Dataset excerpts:
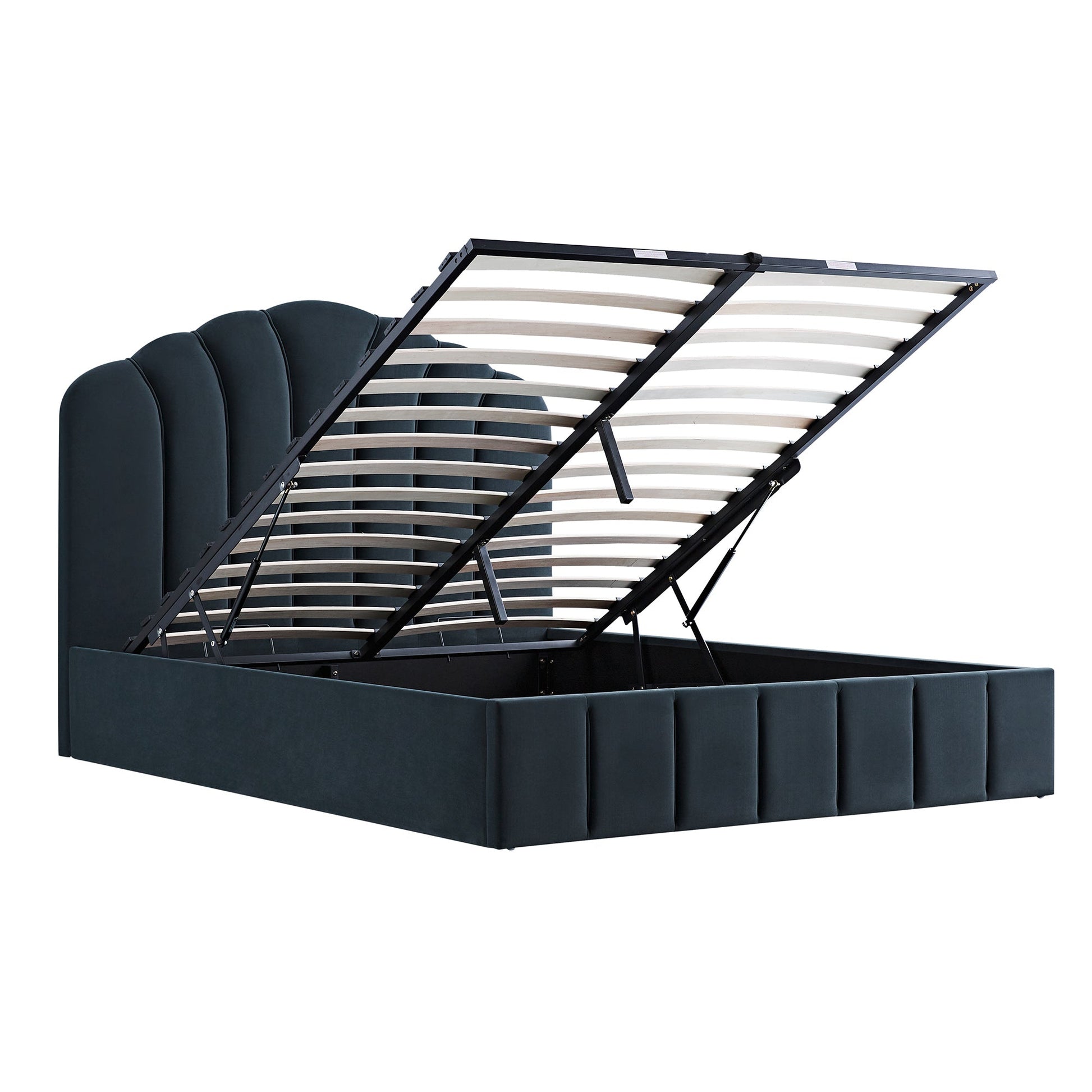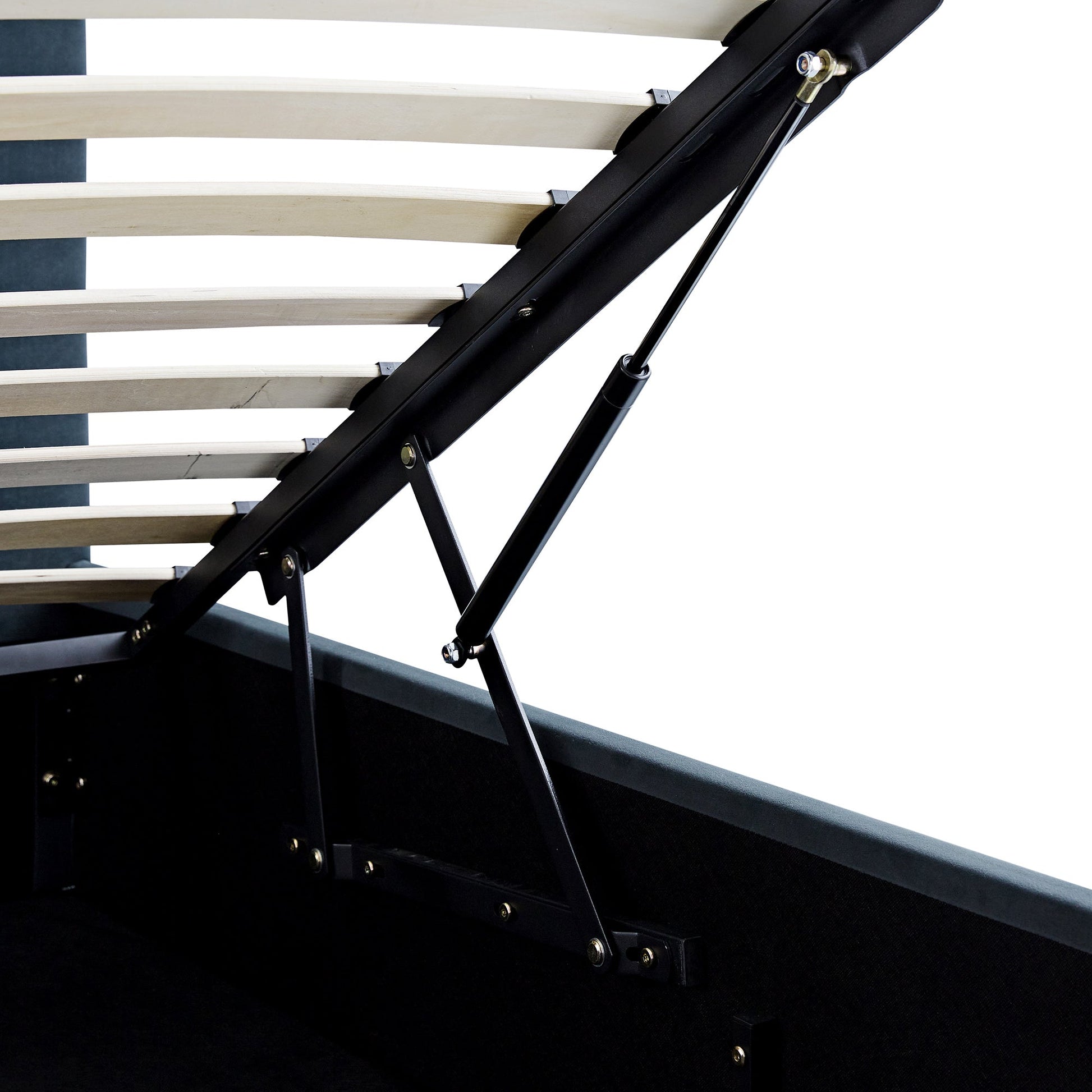 - La base soigneusement rembourrée cache un compartiment ottoman, accessible depuis l'extrémité du lit grâce à un mécanisme à vérin à gaz, offrant un rangement discret.
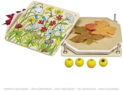 Hura, hura, der Herbst ist da. Mit den griffigen Schraubverschlüssen aus Holz und die Pappeinlagen lassen sich ganz einfach Blumen- und Blätterabdrücke auf Papier pressen.
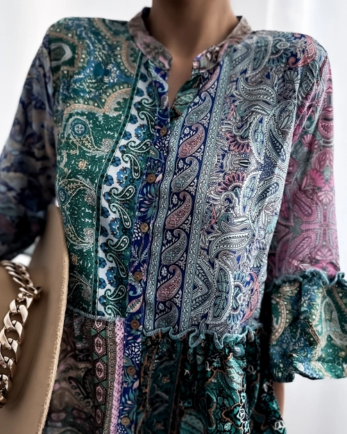 • Viacfarebné vzorované dámske krátke šaty, ktoré sú vyrobené z klzkého materiálu a'la hodváb. Šaty sa zapínajú na gombíky, majú 3/4 rukávy a spodná časť šiat je zakončená volánmi. Perfektné na leto! UPOZORNENIE: Presnosť merania (+/-) 1 cm.
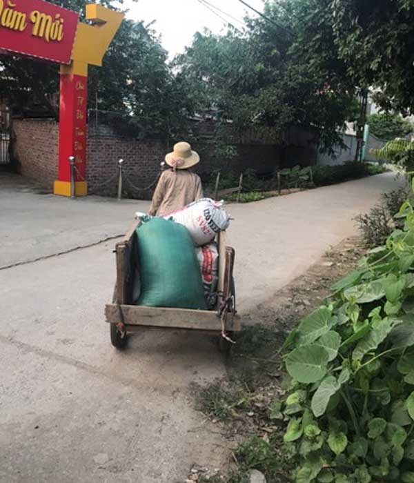 Dù bên tay gãy chưa lành nhưng bà vẫn cố kéo xe chở những bao gạo về nhà.
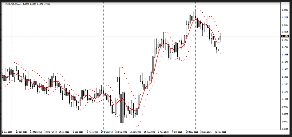 As médias móveis filtram os sinais fornecidos pelo indicador Parabólico. Se mostrarem direções diferentes, há incerteza no mercado e a negociação é arriscada.
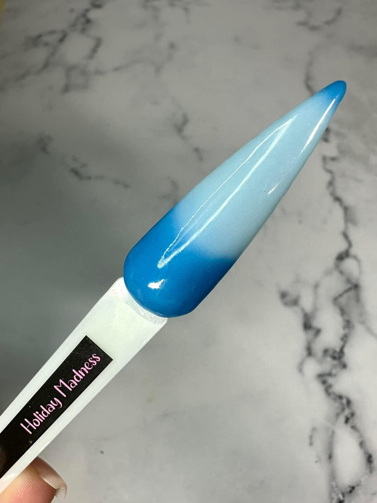 Holiday Madness is a thermal and glow powder that changes from a blue to a light milky blue and also glows blue.
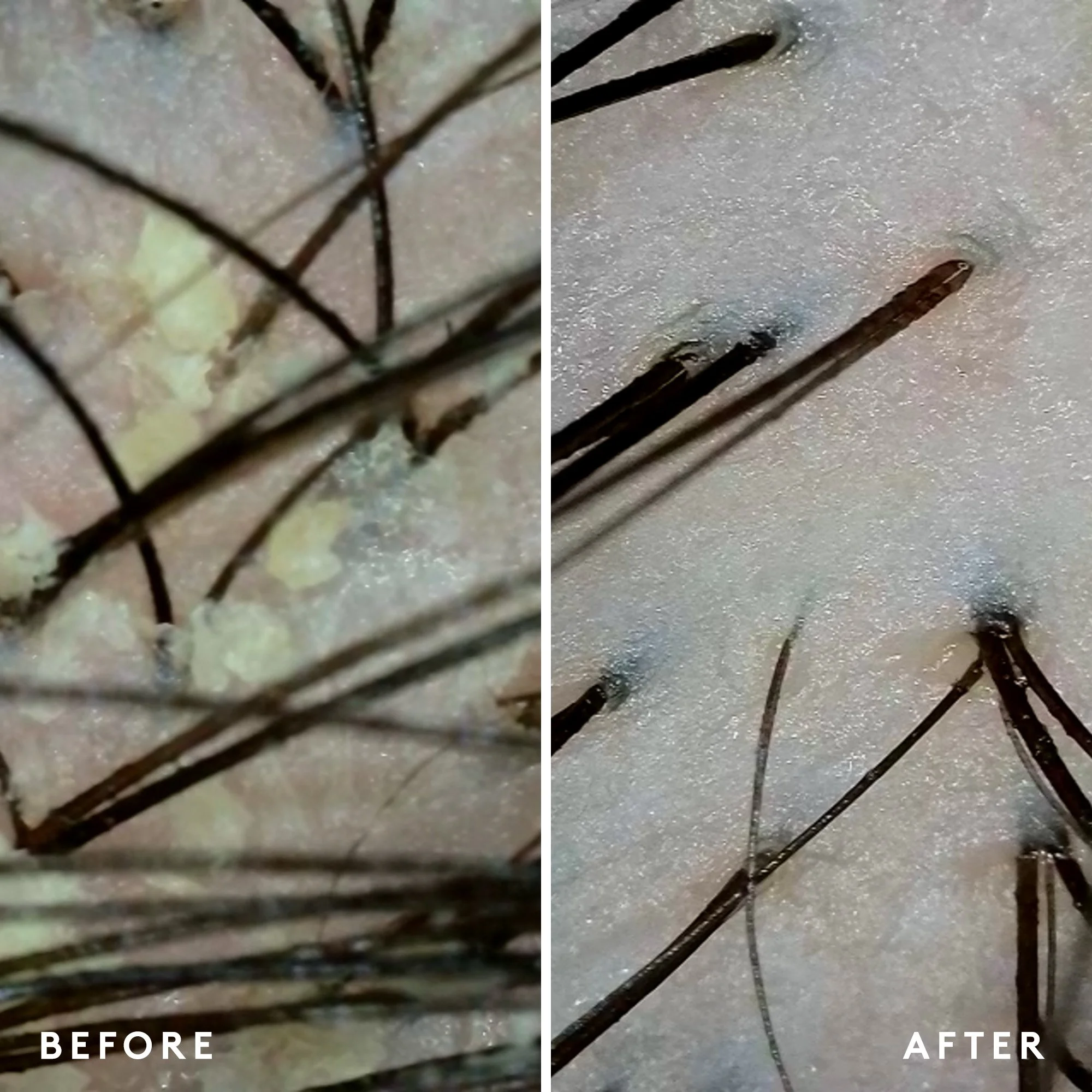 Start with VIRTUE Scalp Remedy Shampoo & Conditioner and use VIRTUE Scalp Dry Shampoo as needed
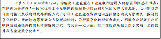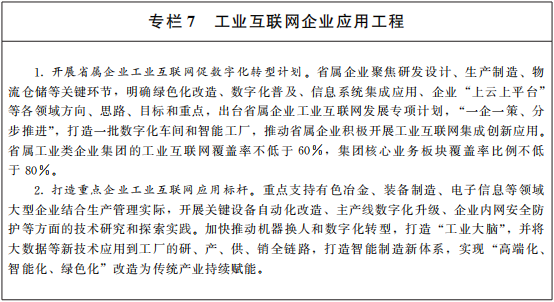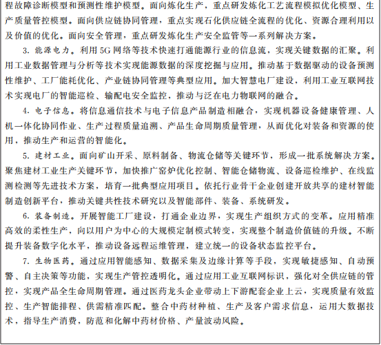 支持省内工业龙头企业、科技创新企业、科研院所不断深化与工业互联网产业联盟、中国信息通信协会等组织的交流合作,积极参与工业互联网基础共性、工厂内外网、边缘计算、标识解析、工业大数据、工业APP、安全能力评估等关键技术、产品、管理标准的研制、测试。依托我省石油化工、建材、有色冶金、电力等支柱产业,积极开展工业互联网垂直行业应用标准研制。
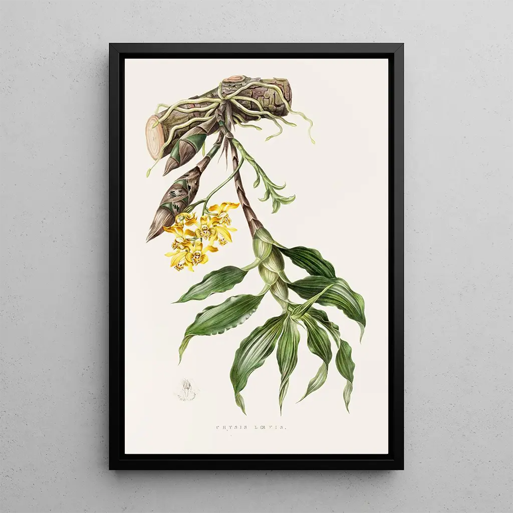 Chysis Loevis: an enchanting floral dance The art print of Chysis Loevis invites us to discover an orchid with delicate shapes and vibrant colors. With its petals of a bright yellow and shades of red, this piece immediately captures attention. The watercolor technique, mastered by James Bateman, allows for the rendering of the transparency and lightness of the flowers, creating an almost dreamlike atmosphere. Every detail is carefully crafted, offering a realistic and poetic vision of this fascinating plant. This painting is a true ode to natural beauty, capturing the very essence of tropical flora. James Bateman: an artist dedicated to botany James Bateman, a 19th-century botanist and artist, is renowned for his contributions to botanical illustration. His work is set in a context where science and art converge, enabling the documentation of biodiversity richness. Influenced by the botanical discoveries of his time, Bateman was able to capture the beauty of plants with remarkable precision. His illustrations, including the art print of Chysis Loevis, have become references for botanical and art enthusiasts. His work reflects a commitment to nature and a desire to raise public awareness about its preservation. A decorative acquisition with multiple advantages The art print of Chysis Loevis is a decorative choice that will enhance any space. Whether in a living room, office, or bedroom, this piece adds a touch of color and life. Its printing quality ensures fidelity to the details and colors of the original artwork, allowing you to fully enjoy its beauty. The aesthetic appeal of this canvas makes it a central element of decoration, inspiring admiration from all. Treat yourself to this art print and let yourself be enchanted by the magic of orchids in your interior.
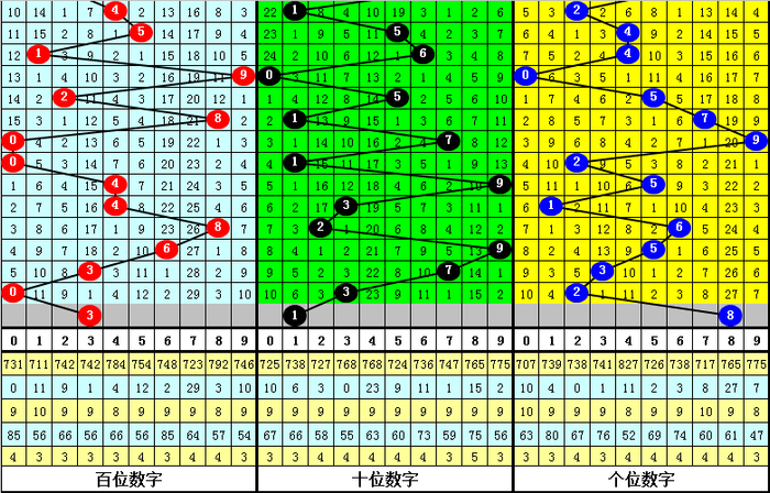 其中,号码0-9开出次数别离为:号码0开出3次、1开出3次、2开出4次、3开出4次、4开出2次、5开出4次、6开出2次、7开出3次、8开出2次、9开出3次。
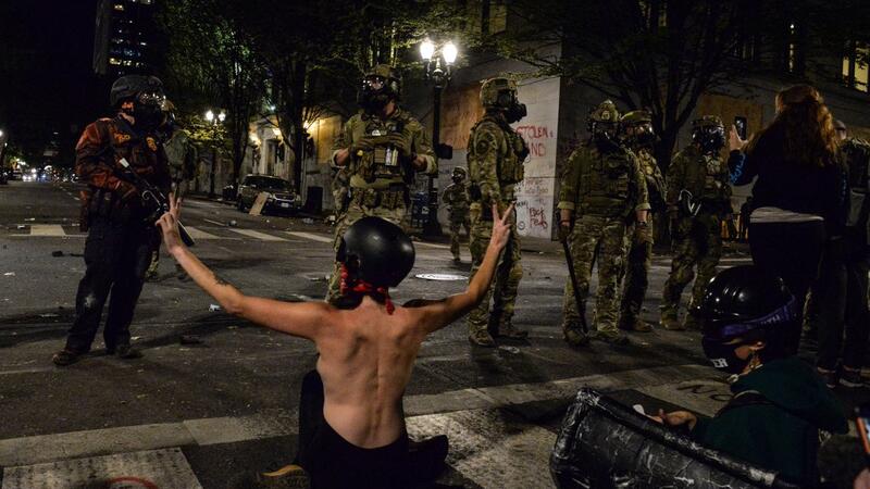 The standoff came after the city of Portland marked its 50th consecutive night of unrest following the death of George Floyd, with crowds taking to the streets to denounce racial injustice.
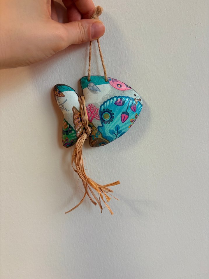 Deniz temalı desenlere ve doğal ip püsküle sahip bohem tarzda dekoratif balık süsü. Duvara asılabilir. Yaklaşık 10x10cm boyutlarında
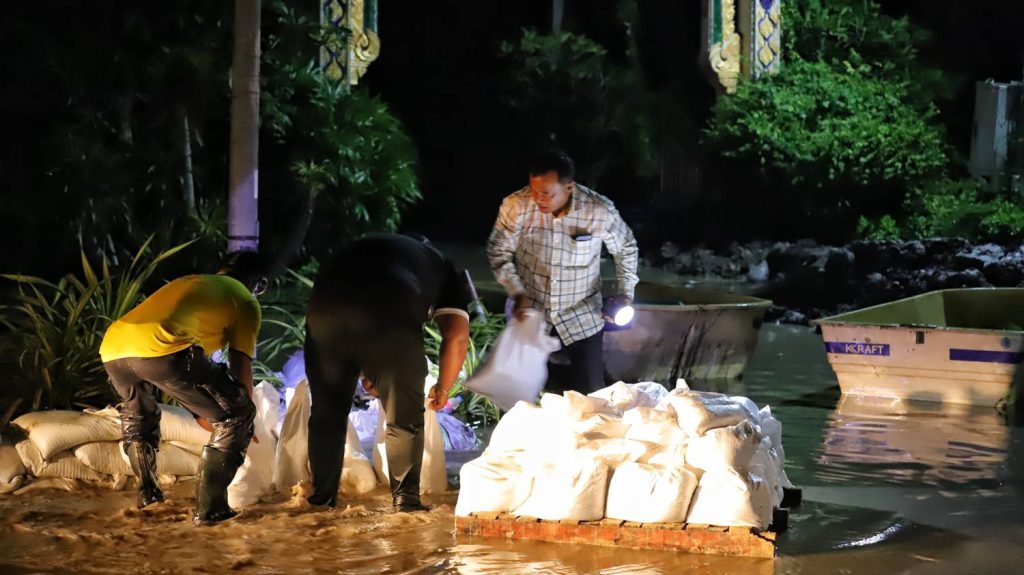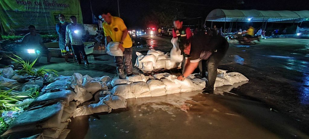 เมื่อเวลา 22.00 น.วันที่ 5 ก.ย. 2565 ที่วัดถั่วทอง ตำบลบ้านปทุม อำเภอสามโคก จังหวัดปทุมธานี นายชาญ พวงเพ็ชร์ อดีตนายกองค์การบริหารส่วนจังหวัดปทุมธานี พร้อมน.ส.ชิดชนก พวงเพ็ชร์ บุตรสาวได้นำข้ามต้มหมูหม้อใหญ่ กว่า 150 ชาม นำมาให้เจ้าหน้าที่อบต.บ้านปทุม และประชาชน ที่ช่วยกันกรอกกระสอบทราย และเร่งกู้คันกั้นน้ำ วัดถั่วทอง หลังพังทลายยาวกว่า 30 เมตรเมื่อเวลา20.00 ที่ผ่านมา ได้เกิดการพังทลายของกระสอบทรายที่เป็นคันกั้นน้ำภายในบริเวณวัดถัวทอง เป็นความยาว กว่า 30 เมตร ทำให้กระแสน้ำเจ้าพระยาไหลทะลักเข้าท่วมบริเวณวัดถั่วทอง
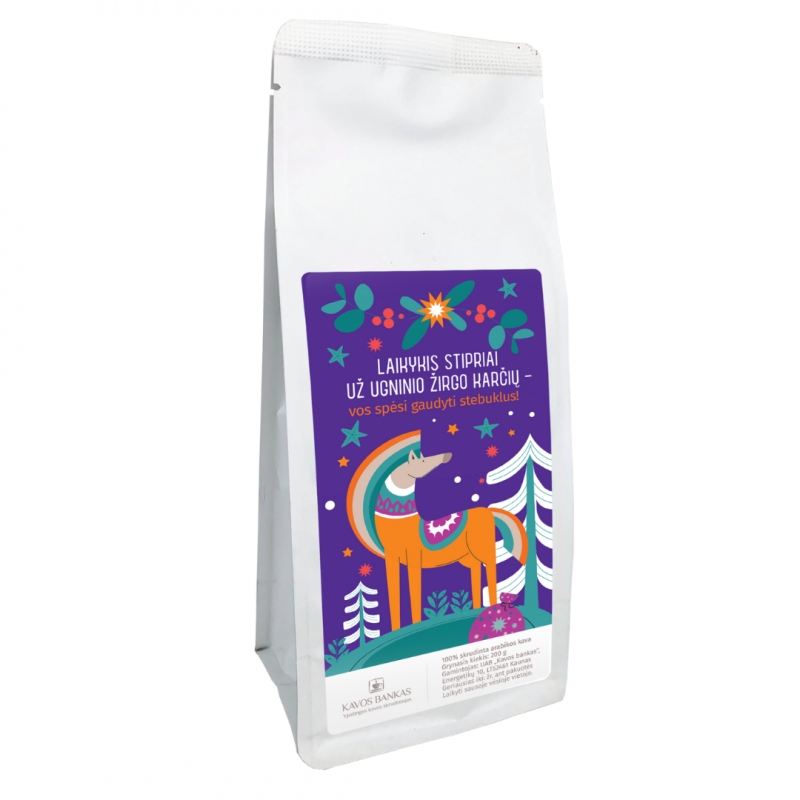 Laikykitės stipriai už Ugninio Žirgo karčių, nes ateinantys metai bus kaip niekad stebuklingi. Pamatysit – vos spėsit stebuklus gaudydit! Todėl būtinai jums prireiks šios kavos, kad išsilaikytumėt balne! Linkime šuoliais skrieti į ateitį!
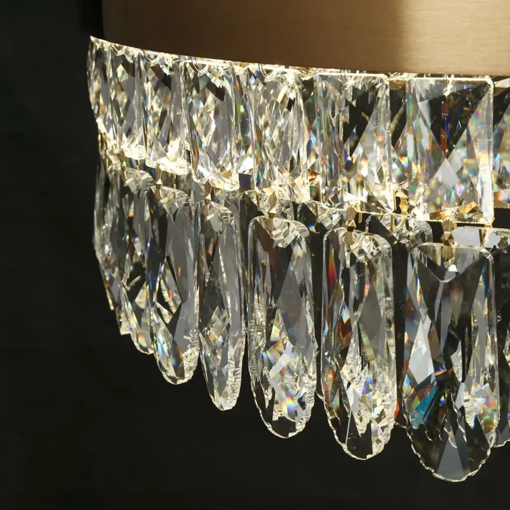 Lnc Musesonce 23.6-in Luxury Glam Drum Integrated Led Crystal Chandelier, Polished Gold Finish, 1-light
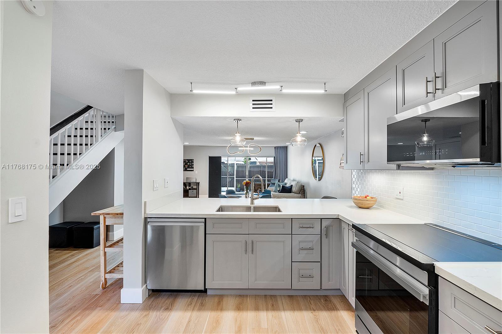 Don't miss the opportunity to own this completely renovated and rare townhome. This 2/2.5 unit features a brand new roof with a transferrable warranty. Everything has been updated! This home is complete with impact windows, a modern kitchen with quartz counters and top of the line, Samsung appliances, beautiful cabinetry with ample storage, contemporary bathrooms, LVP flooring throughout, LED lighting, new LG Washer/Dryer, Smart home with Ring, Nest and even an EV outlet! It's the perfect layout with an open floor plan and a spacious kitchen with abundant natural light & a serene private patio. Ample parking with a 1 car garage and 2 additional assigned spots. Gated community with pools, tot lot, tennis, gym, etc. Prime location near hospitals, shopping, restaurants and good schools.
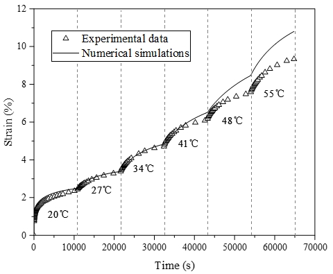 ????對此,中國科學院武漢巖土力學研究所特殊土力學與工程安全研究中心路基工程研究團隊盧正研究員和趙陽博士等人在自主研發(fā)的新型土工格室材料的基礎上,開展了一系列有關常規(guī)蠕變和加速蠕變的試驗及模擬計算研究。團隊通過考慮蠕變過程中的損傷效應,建立了基于蠕變損傷的修正Burgers模型,并通過試驗結(jié)果進行了對比驗證。該模型能夠同時考慮材料的彈黏塑性變形,因此修正后的Burgers模型可精準預測新型土工格室材料長達數(shù)十年的蠕變變形。此外,團隊基于非線性三參數(shù)模型,從材料在升溫過程中的黏性變形和非黏性變形視角出發(fā),對加速蠕變行為的機理進行了探討。研究結(jié)果表明,非線性三參數(shù)模型對于新型土工格室材料蠕變行為具有較強的適用性,在考慮溫度修正后,該模型能夠精確反應土工格室材料因升溫引起的加速蠕變現(xiàn)象。

**About this exercise**
Exactly and only the lines from the top of the records down to the line containing "Start with VIRTUE" should be transcribed, please, without the pictures.

**Written response**
 - La base soigneusement rembourrée cache un compartiment ottoman, accessible depuis l'extrémité du lit grâce à un mécanisme à vérin à gaz, offrant un rangement discret.
 Hura, hura, der Herbst ist da. Mit den griffigen Schraubverschlüssen aus Holz und die Pappeinlagen lassen sich ganz einfach Blumen- und Blätterabdrücke auf Papier pressen.
 • Viacfarebné vzorované dámske krátke šaty, ktoré sú vyrobené z klzkého materiálu a'la hodváb. Šaty sa zapínajú na gombíky, majú 3/4 rukávy a spodná časť šiat je zakončená volánmi. Perfektné na leto! UPOZORNENIE: Presnosť merania (+/-) 1 cm.
 Dù bên tay gãy chưa lành nhưng bà vẫn cố kéo xe chở những bao gạo về nhà.
 As médias móveis filtram os sinais fornecidos pelo indicador Parabólico. Se mostrarem direções diferentes, há incerteza no mercado e a negociação é arriscada.
 Holiday Madness is a thermal and glow powder that changes from a blue to a light milky blue and also glows blue.
 Start with VIRTUE Scalp Remedy Shampoo & Conditioner and use VIRTUE Scalp Dry Shampoo as needed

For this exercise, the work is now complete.